Gehäuse ( Denke es sollte MINI ITX werden spricht da gibt es ja nur ein gutes nämlich Fractal Design Node 304) 

Netzteil : BE Quiet 300 Watt sollten reichen oder ? Welches empfehlt ihr mir ? 

Denke das sollte alles gewesen sein. 

Wenn noch etwas unklar sein sollte, dann schreibt es in den Post. 

Vielen Dabk für eure Antworten 

Grüße Teilmenge


----------



## Deep Thought (12. Februar 2017)

Ich bin mir nicht ganz sicher, was du jetzt eigentlich willst. Einerseits einen Server, der remote bedient werden soll. Andererseits "Gaming"-Rechner mit Gamepad...

Für einen "headless"-Server (steht in der Abstellkammer ohne Monitor und Tastatur) kann ich Supermicro-Mainboards empfehlen. Die Modelle mit einem "-F" am Ende der Typbezeichnung haben eine Art Netzwerk-Grafikchip. Damit kann man den Rechner komplett fernsteuern. Incl. Einschalten und Fernsteuerung ab der ersten Sekunde (unabhängig vom Betriebssystem). 

Dafür liegt die Grafikeinheit der CPU brach, und Soundausgabe haben die Dinger in der Regel auch nicht. Servermainboard eben. Also nichts für dein Retro-Gaming. (Und auch nicht gerade billig...)


----------



## Abductee (12. Februar 2017)

Ich würd die wichtigen Komponenten wie Fileserver/Cloud und Email von der Spielerei wie Retrogaming trennen.

Was du alles mit einem guten NAS machen kannst:
OwnCloud Anbindung, Synology hat aber sonst auch einen eigenen Cloud-Dienst.
Festplatten sollen über RAID miteinander verbunden werden.  + Noch eine Festplatte wo die Daten gesichert werden. 
24/7 Betrieb je nach Lust und Laune. 
Mailserver 
Radiostreams mitschneiden
Remote-Kontrolle

Gutes Einsteiger-NAS:
Synology DiskStation DS216J Preisvergleich | Geizhals Deutschland


----------



## Teilmenge (20. Februar 2017)

Guten Abend Community, 

leider die Tage viel um die Ohren gehabt aber schonmal danke für die Antworten  

@Deep Though 

Ich möchte ein Server der verschiedene Dienste wie oben genannt zur Verfügung stellt. 

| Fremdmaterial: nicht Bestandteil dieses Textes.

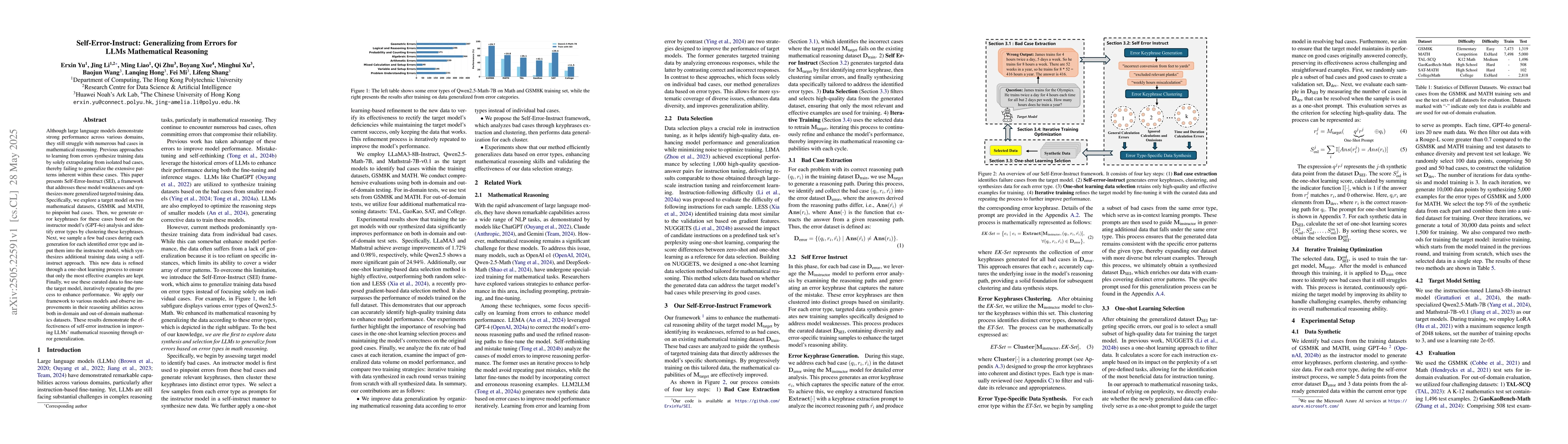 The research introduces Self-Error-Instruct (SEI), a framework that identifies bad cases in mathematical datasets (GSM8K and MATH), generates error keyphrases using an instructor model (GPT-4o), clusters these keyphrases to identify error types, samples bad cases for each error type, synthesizes new training data via self-instruct approach, refines this data through one-shot learning, and iteratively fine-tunes target models to enhance mathematical reasoning abilities.

Ich denke wenn ich eine Festplatte dementsprechend Formatiere und einrichte : 

Festplatte A hat 2 TB (vorhanden)

Festplatte B hat 2 TB (vorhanen) 

Festplatte C hat 3 TB ( wird gekauft) 

~ 100 GB für die Installatonsfiles für  Windows , Rekorden Partition auf Festplatte A  , --> Daten werden auf zweite Partition (  der 2 TB Festplatte A gespeichert. 

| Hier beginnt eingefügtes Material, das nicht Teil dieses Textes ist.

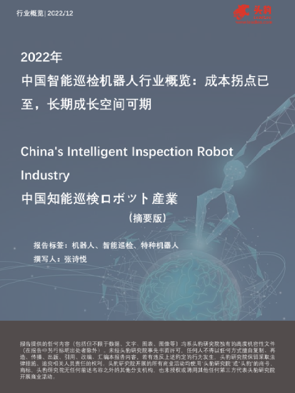 【头豹研究院】【202212】2022年中国智能巡检机器人行业概览:成本拐点已至,长期成长空间可期-10页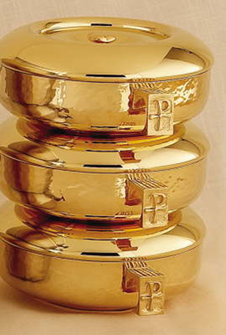 Triple stacking ciboria. Overall height 9", bowl 6" diameter, host capacity 1050. (Host capacity based on 1-1/8" host.)

~ 3 TB für Fotos und Musikaufnahmen + OwnCloud--> Festplatte C 

~ 2 TB = Partion 1 mit 200 GB für Retrozocken restlichen Speicher wird mit Festplatte C verknüpft. 

Ist das so möglich ? 

Was haltet ihr von solchen Bords ? : ASRock Q1900-ITX Mainboard Sockel: Amazon.de: Computer & Zubehor . Diese haben ja einen geringen Stromverbrauch

oder sollten es Bords mit wechselbarer CPU sein bzgl. Leistung ? 

oder doch eher Serverbord

Habe so meine Probleme erstmal das richtige Mainbord zu finden. 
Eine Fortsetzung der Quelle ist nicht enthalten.